Requirement: Nothing but the lines from the one containing "소년 여름 반바지 캐주얼" to the end of the records that follow should be transcribed, each exactly, with the pictures left out.

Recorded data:

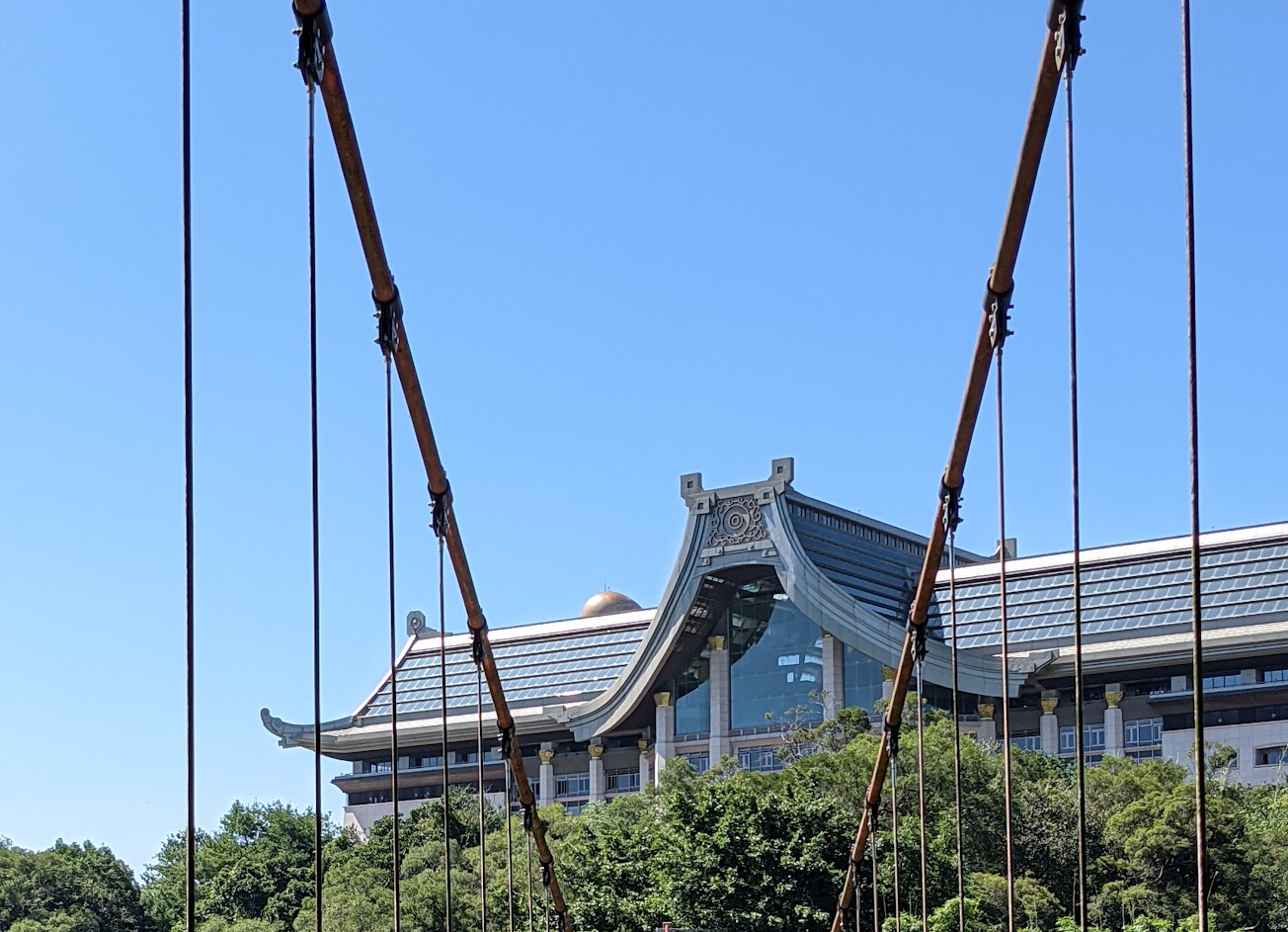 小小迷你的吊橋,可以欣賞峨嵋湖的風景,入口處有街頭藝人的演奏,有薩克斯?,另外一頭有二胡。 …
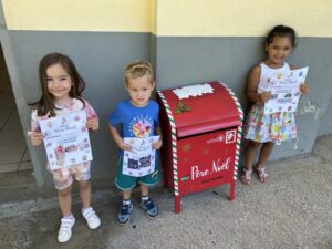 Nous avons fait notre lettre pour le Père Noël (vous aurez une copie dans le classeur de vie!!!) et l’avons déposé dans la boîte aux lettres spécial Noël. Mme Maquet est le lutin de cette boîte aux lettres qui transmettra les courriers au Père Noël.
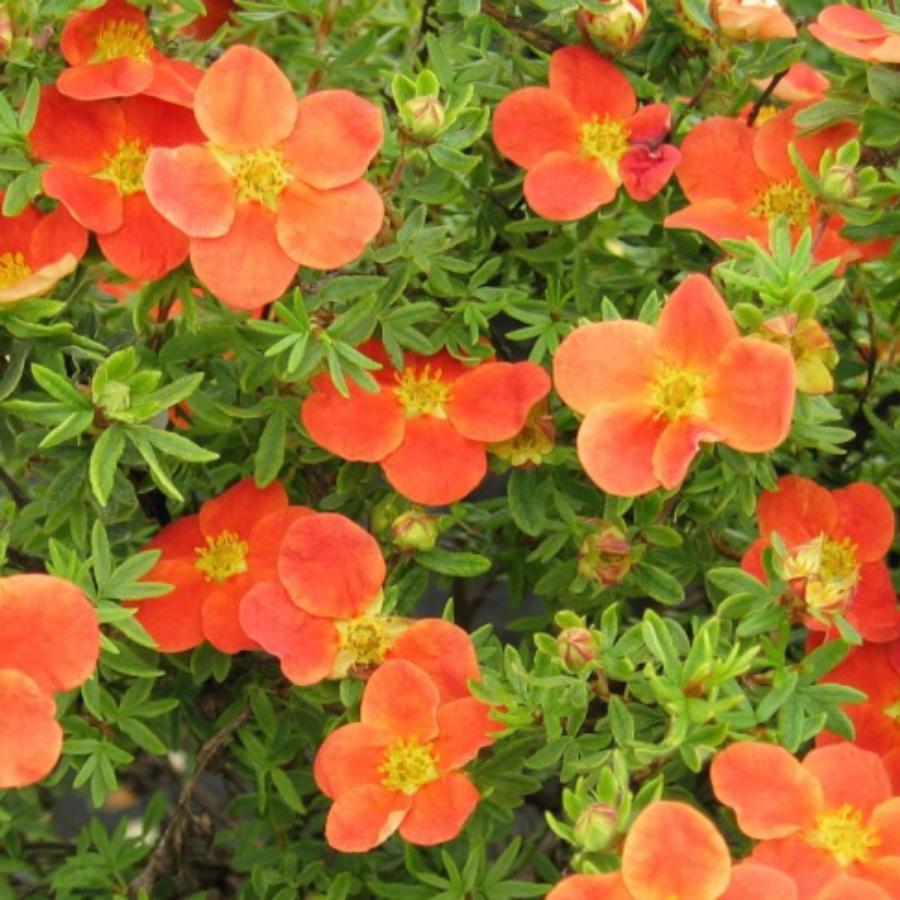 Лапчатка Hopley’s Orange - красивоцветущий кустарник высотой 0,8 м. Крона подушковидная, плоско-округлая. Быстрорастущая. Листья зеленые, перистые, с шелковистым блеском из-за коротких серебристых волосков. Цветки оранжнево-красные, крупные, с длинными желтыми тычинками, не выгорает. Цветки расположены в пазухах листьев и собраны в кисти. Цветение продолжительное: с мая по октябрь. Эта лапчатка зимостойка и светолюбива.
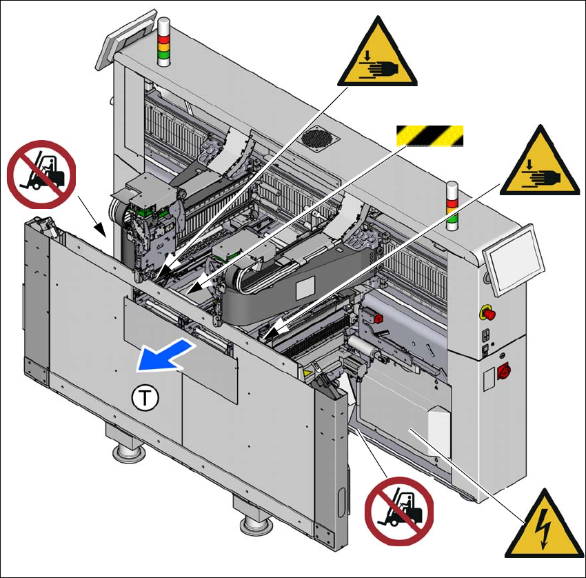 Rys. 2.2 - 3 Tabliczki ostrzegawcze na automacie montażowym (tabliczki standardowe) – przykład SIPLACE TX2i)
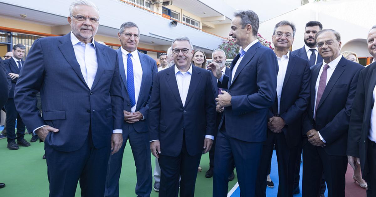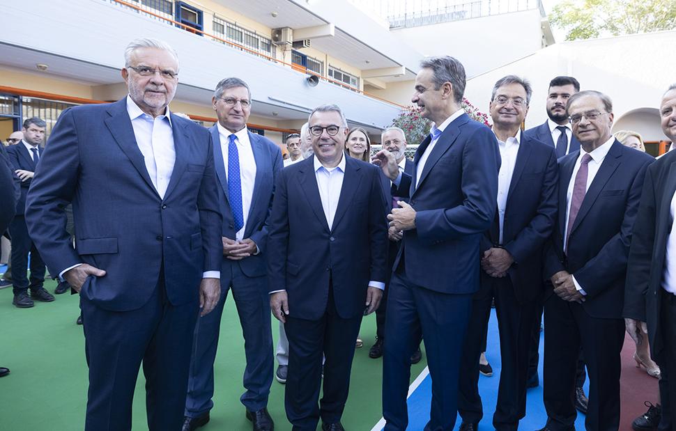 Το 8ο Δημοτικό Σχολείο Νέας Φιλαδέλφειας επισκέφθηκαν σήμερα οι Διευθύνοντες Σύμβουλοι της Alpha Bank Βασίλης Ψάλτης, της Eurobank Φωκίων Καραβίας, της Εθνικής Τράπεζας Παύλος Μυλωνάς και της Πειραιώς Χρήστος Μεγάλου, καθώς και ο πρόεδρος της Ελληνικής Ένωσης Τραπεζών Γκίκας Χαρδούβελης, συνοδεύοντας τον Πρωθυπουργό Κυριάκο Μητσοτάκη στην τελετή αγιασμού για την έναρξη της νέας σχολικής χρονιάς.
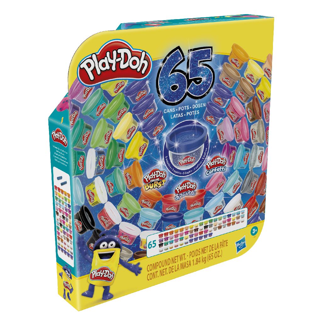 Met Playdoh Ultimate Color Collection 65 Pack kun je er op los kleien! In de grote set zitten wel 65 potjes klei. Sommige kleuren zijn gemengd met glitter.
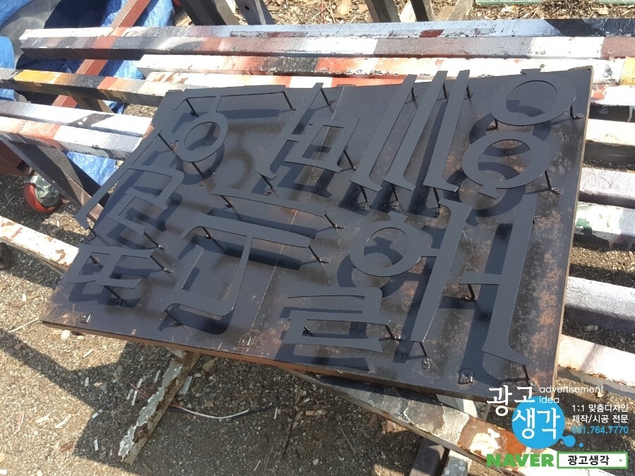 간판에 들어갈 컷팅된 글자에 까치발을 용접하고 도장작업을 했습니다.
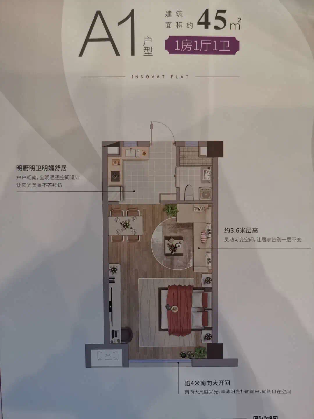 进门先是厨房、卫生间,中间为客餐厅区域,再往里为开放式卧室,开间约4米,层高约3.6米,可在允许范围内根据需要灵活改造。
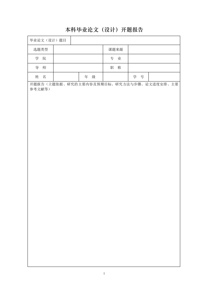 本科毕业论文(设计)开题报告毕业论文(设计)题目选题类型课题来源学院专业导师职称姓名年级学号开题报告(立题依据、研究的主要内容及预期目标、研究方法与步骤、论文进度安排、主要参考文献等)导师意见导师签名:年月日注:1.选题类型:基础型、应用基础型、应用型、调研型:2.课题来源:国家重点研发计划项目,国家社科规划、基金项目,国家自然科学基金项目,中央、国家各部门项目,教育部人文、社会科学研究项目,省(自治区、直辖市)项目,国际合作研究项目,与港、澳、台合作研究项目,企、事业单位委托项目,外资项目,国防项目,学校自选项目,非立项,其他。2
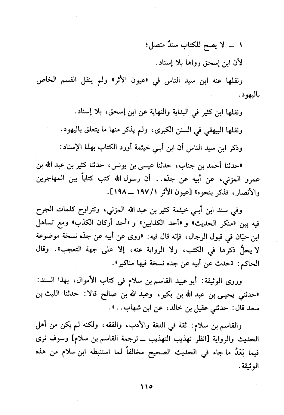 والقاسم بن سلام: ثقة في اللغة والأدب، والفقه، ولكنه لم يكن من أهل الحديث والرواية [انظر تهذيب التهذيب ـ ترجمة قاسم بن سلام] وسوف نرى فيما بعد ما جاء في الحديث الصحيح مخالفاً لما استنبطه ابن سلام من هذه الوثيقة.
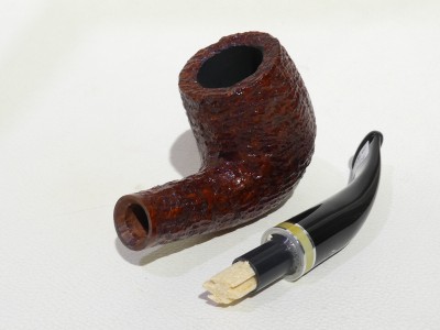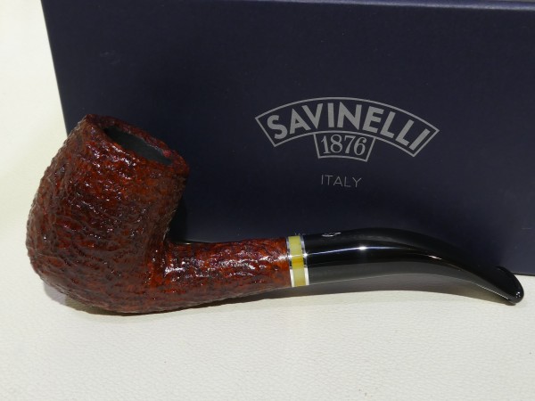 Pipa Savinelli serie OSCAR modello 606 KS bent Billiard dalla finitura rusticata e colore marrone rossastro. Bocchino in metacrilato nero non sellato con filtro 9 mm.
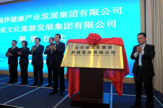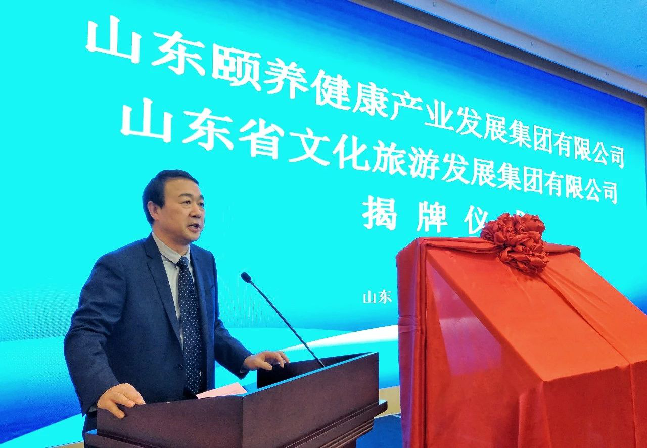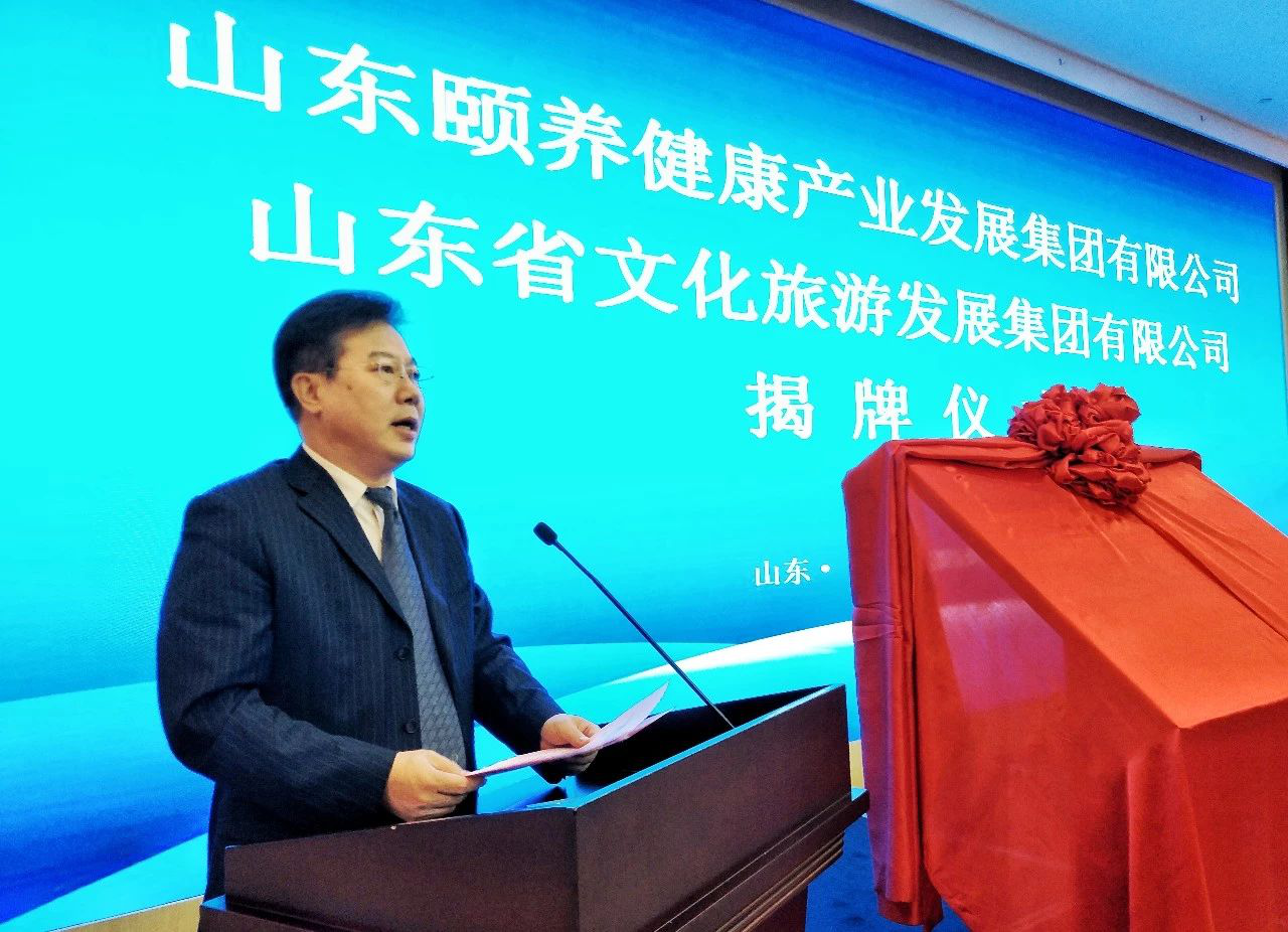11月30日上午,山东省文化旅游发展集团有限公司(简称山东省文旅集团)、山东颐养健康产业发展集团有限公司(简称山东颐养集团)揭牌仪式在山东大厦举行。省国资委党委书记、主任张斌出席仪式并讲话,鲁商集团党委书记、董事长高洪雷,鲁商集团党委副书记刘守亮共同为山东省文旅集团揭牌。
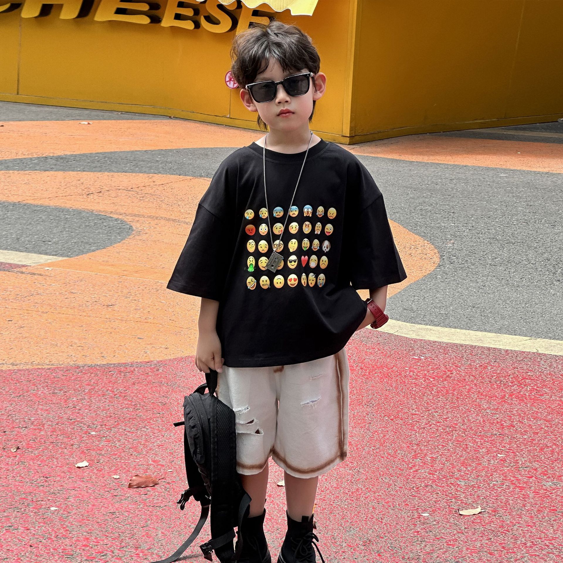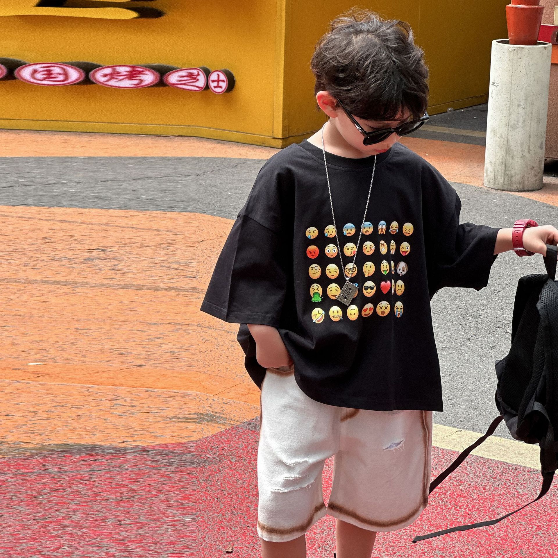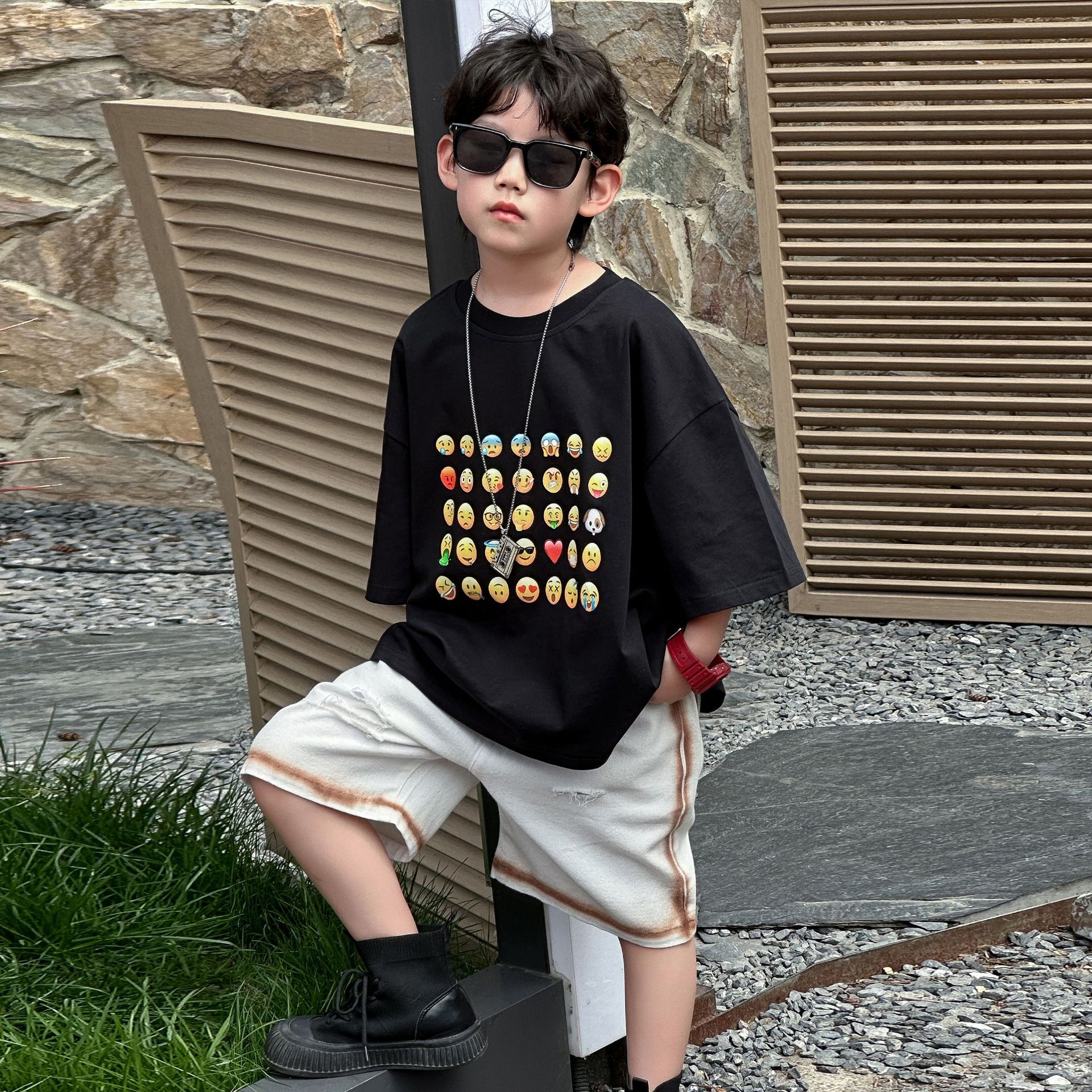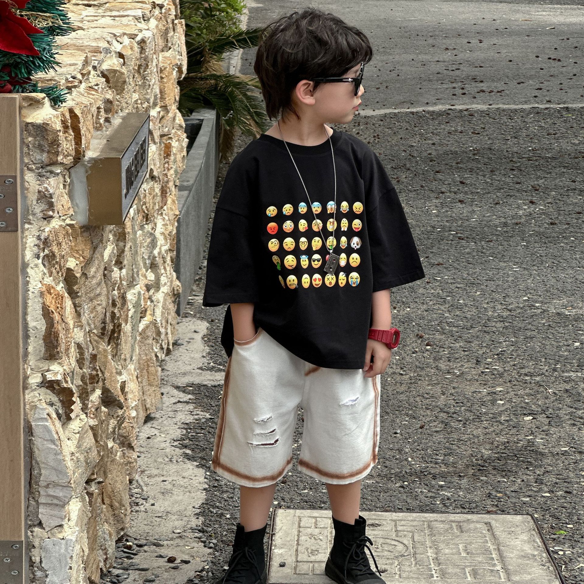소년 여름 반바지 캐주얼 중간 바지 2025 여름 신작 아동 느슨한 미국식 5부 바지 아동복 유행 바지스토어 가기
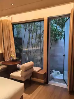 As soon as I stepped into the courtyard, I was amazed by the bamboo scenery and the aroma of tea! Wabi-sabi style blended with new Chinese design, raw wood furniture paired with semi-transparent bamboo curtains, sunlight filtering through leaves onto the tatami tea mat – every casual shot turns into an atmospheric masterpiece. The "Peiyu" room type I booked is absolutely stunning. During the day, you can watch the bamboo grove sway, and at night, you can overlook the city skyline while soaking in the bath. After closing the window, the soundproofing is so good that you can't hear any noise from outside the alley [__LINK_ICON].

Solved problem:
소년 여름 반바지 캐주얼 중간 바지 2025 여름 신작 아동 느슨한 미국식 5부 바지 아동복 유행 바지스토어 가기
 As soon as I stepped into the courtyard, I was amazed by the bamboo scenery and the aroma of tea! Wabi-sabi style blended with new Chinese design, raw wood furniture paired with semi-transparent bamboo curtains, sunlight filtering through leaves onto the tatami tea mat – every casual shot turns into an atmospheric masterpiece. The "Peiyu" room type I booked is absolutely stunning. During the day, you can watch the bamboo grove sway, and at night, you can overlook the city skyline while soaking in the bath. After closing the window, the soundproofing is so good that you can't hear any noise from outside the alley [__LINK_ICON].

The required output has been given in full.